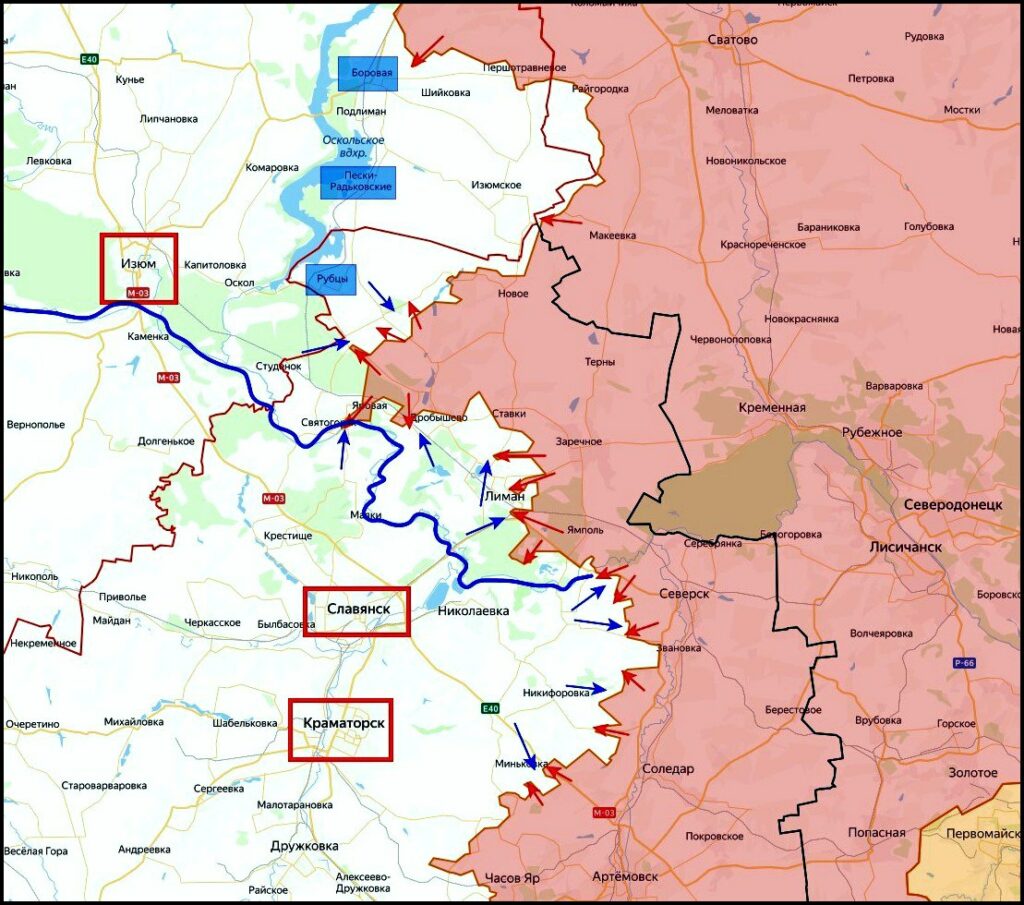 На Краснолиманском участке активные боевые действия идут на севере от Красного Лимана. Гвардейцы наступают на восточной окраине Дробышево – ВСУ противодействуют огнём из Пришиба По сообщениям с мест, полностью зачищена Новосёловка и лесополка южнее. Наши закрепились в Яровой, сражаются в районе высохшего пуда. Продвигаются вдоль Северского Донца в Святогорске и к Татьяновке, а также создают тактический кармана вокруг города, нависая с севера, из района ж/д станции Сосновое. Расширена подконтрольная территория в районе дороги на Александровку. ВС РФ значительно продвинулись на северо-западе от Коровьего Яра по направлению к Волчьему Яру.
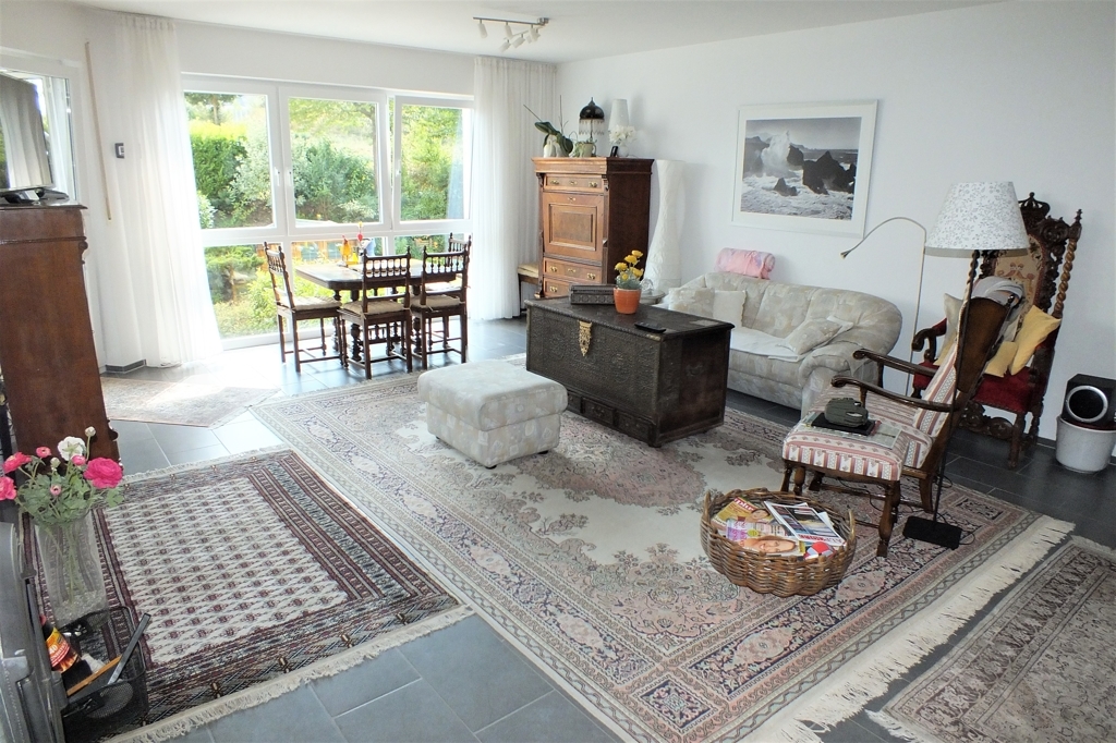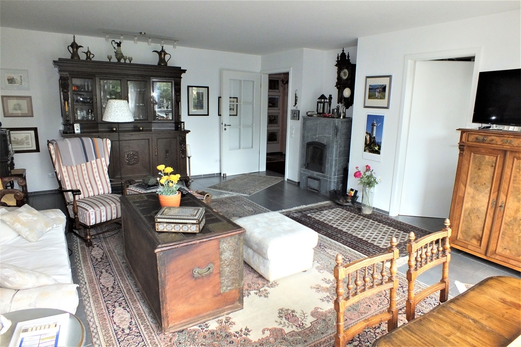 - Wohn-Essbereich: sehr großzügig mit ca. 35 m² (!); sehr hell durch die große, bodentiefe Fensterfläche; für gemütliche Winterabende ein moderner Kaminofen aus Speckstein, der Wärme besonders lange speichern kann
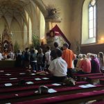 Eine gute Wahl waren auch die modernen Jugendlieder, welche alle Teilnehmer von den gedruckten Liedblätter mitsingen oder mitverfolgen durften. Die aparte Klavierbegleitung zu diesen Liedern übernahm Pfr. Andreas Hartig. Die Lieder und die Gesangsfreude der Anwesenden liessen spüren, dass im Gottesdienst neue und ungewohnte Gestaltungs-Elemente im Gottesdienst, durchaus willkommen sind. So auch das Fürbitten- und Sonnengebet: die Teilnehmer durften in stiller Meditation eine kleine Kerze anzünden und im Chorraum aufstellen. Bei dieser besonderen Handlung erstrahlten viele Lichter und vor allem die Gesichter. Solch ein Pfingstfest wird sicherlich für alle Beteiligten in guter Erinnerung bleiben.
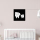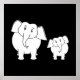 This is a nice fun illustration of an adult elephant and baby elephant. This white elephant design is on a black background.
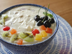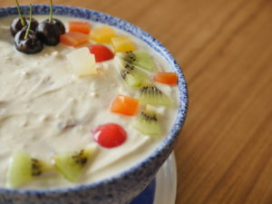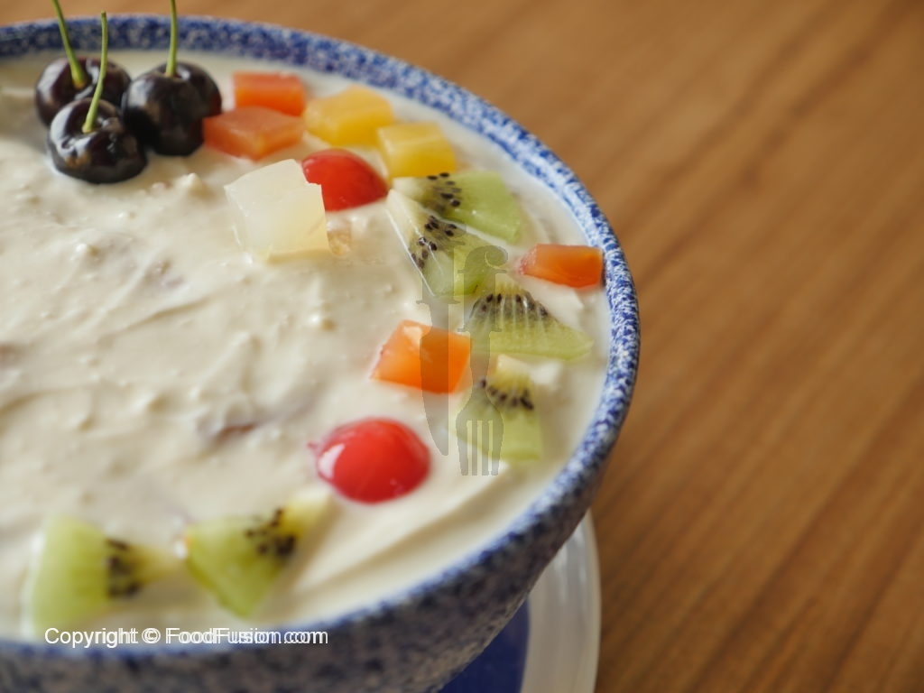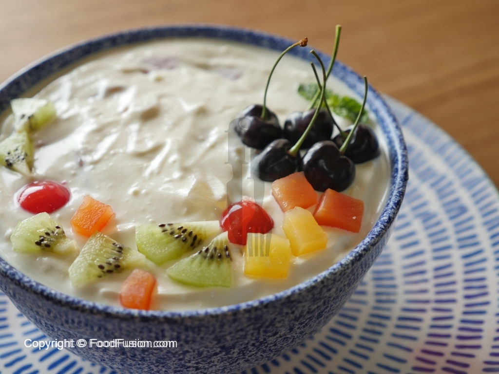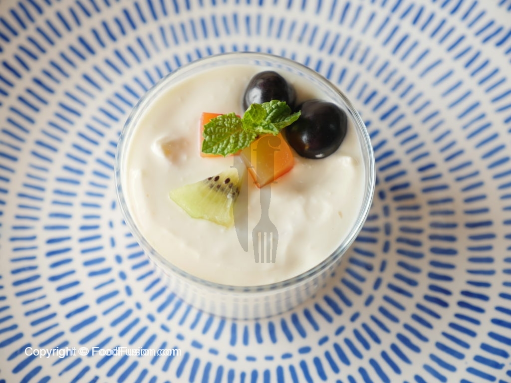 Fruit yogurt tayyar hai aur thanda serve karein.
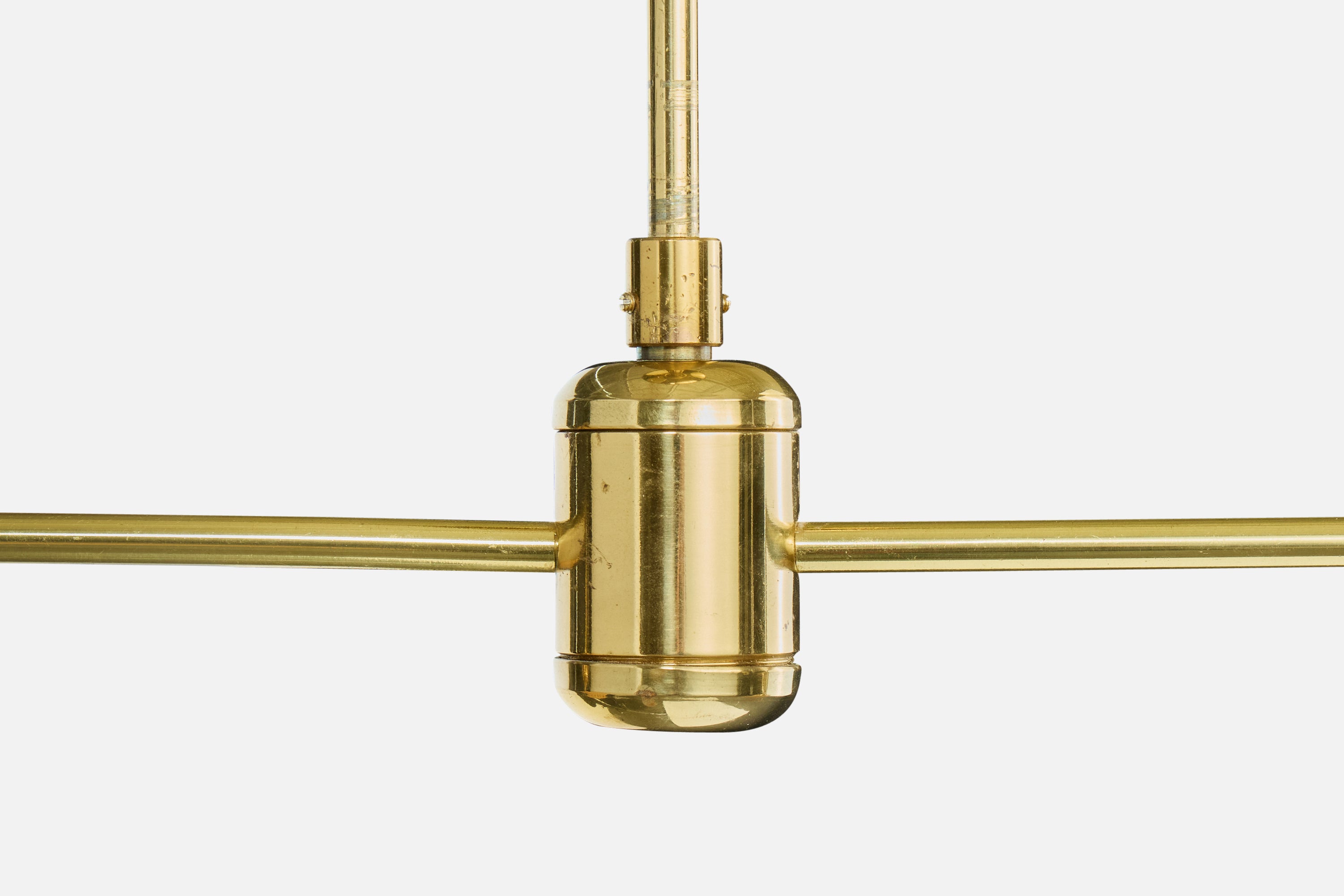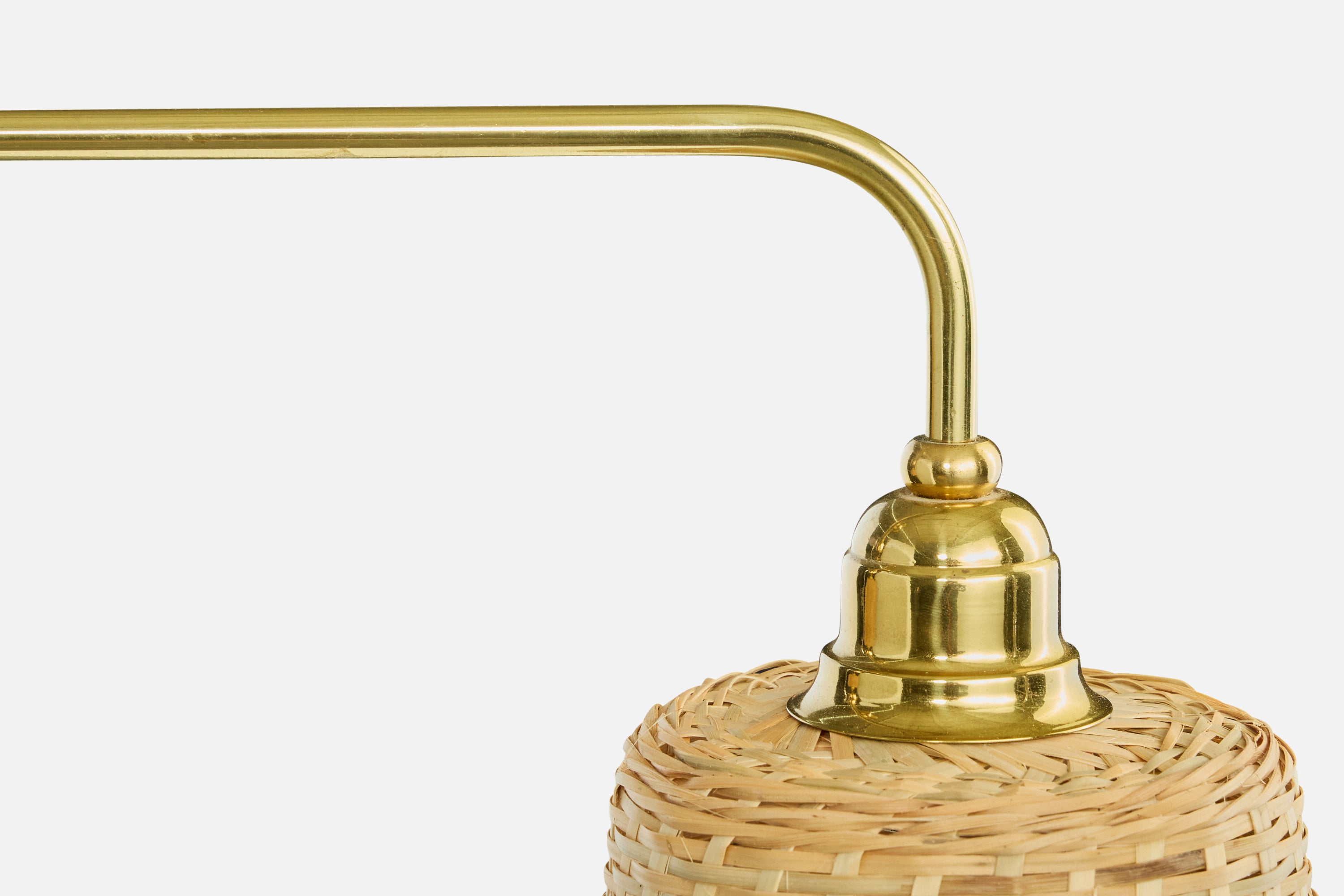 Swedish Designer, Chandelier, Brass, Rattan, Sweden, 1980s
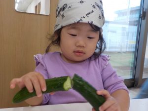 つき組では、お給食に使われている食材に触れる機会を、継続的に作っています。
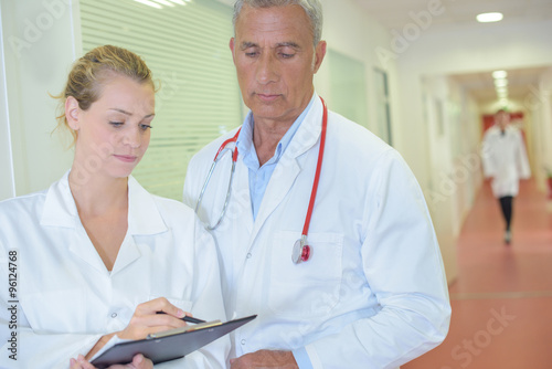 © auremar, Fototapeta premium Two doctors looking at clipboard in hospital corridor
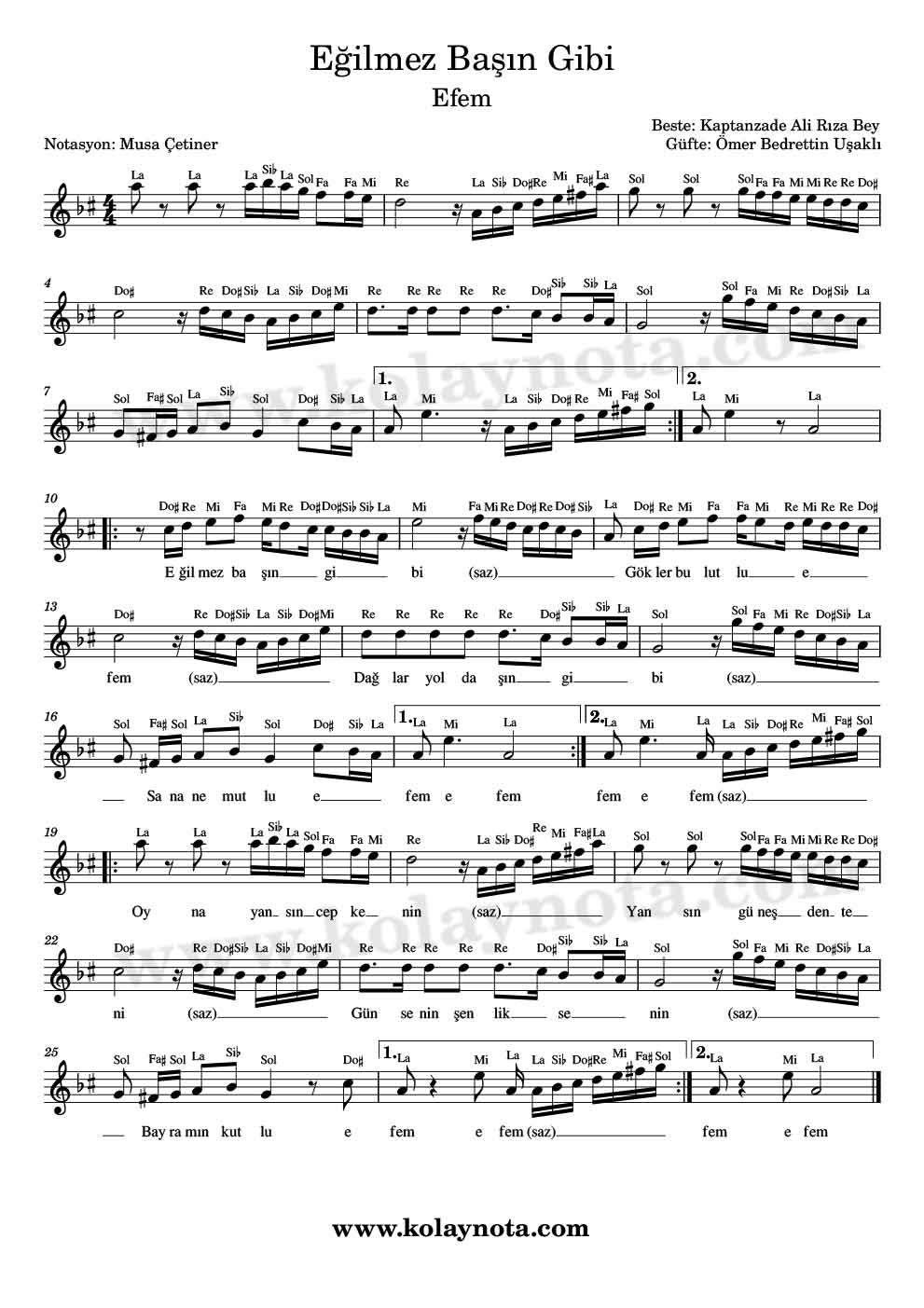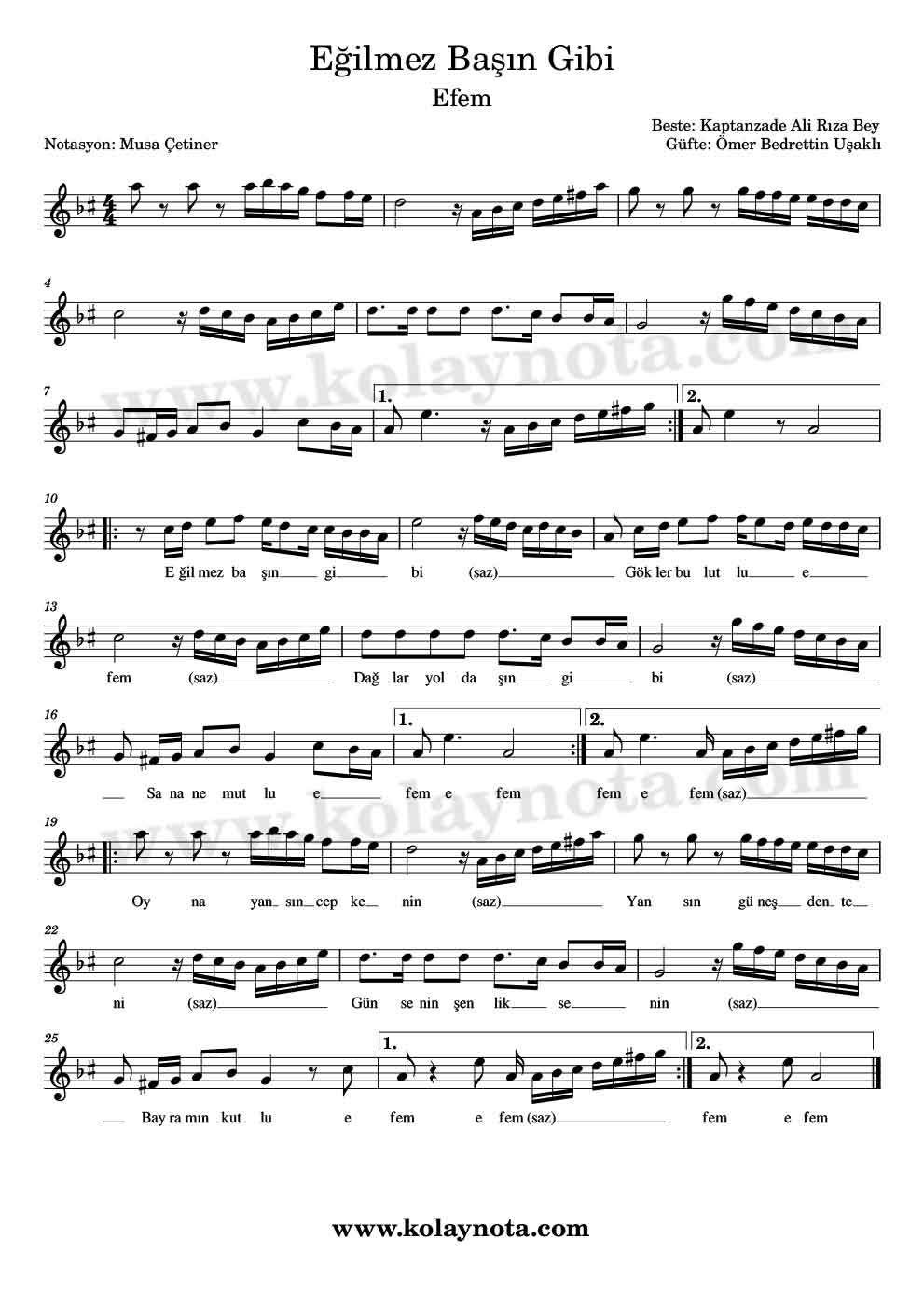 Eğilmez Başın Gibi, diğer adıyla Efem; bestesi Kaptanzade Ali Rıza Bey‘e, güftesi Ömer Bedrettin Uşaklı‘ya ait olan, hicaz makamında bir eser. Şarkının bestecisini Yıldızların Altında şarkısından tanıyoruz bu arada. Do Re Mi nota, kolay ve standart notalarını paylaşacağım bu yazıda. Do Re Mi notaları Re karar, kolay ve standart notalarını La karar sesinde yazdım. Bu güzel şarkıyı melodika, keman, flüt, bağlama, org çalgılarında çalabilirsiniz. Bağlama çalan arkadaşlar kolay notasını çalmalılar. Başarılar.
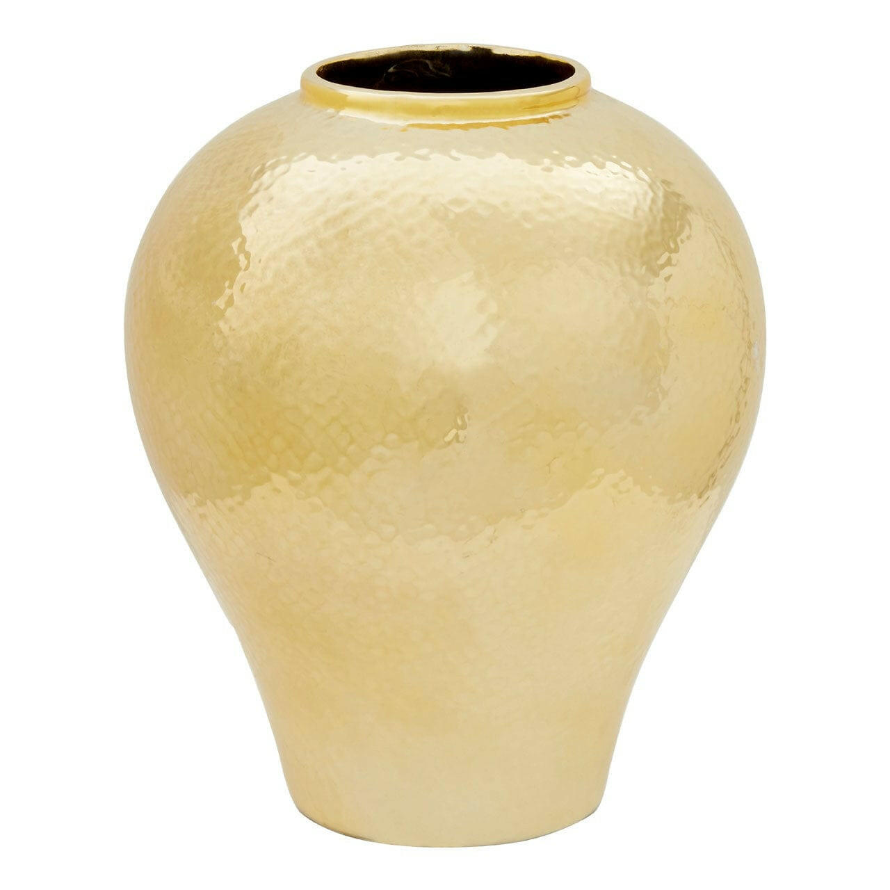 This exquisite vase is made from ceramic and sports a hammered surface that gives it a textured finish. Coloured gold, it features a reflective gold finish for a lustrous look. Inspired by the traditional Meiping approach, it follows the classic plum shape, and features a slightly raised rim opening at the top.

WHAT IS EXPECTED -> What is needed is a word-for-word copy of the lines from the one containing "in hospital corridor" through the final line of the records above, both included, with the pictures left out.

EXERCISE RESULT ->
 © auremar, Fototapeta premium Two doctors looking at clipboard in hospital corridor
 Eğilmez Başın Gibi, diğer adıyla Efem; bestesi Kaptanzade Ali Rıza Bey‘e, güftesi Ömer Bedrettin Uşaklı‘ya ait olan, hicaz makamında bir eser. Şarkının bestecisini Yıldızların Altında şarkısından tanıyoruz bu arada. Do Re Mi nota, kolay ve standart notalarını paylaşacağım bu yazıda. Do Re Mi notaları Re karar, kolay ve standart notalarını La karar sesinde yazdım. Bu güzel şarkıyı melodika, keman, flüt, bağlama, org çalgılarında çalabilirsiniz. Bağlama çalan arkadaşlar kolay notasını çalmalılar. Başarılar.
 This exquisite vase is made from ceramic and sports a hammered surface that gives it a textured finish. Coloured gold, it features a reflective gold finish for a lustrous look. Inspired by the traditional Meiping approach, it follows the classic plum shape, and features a slightly raised rim opening at the top.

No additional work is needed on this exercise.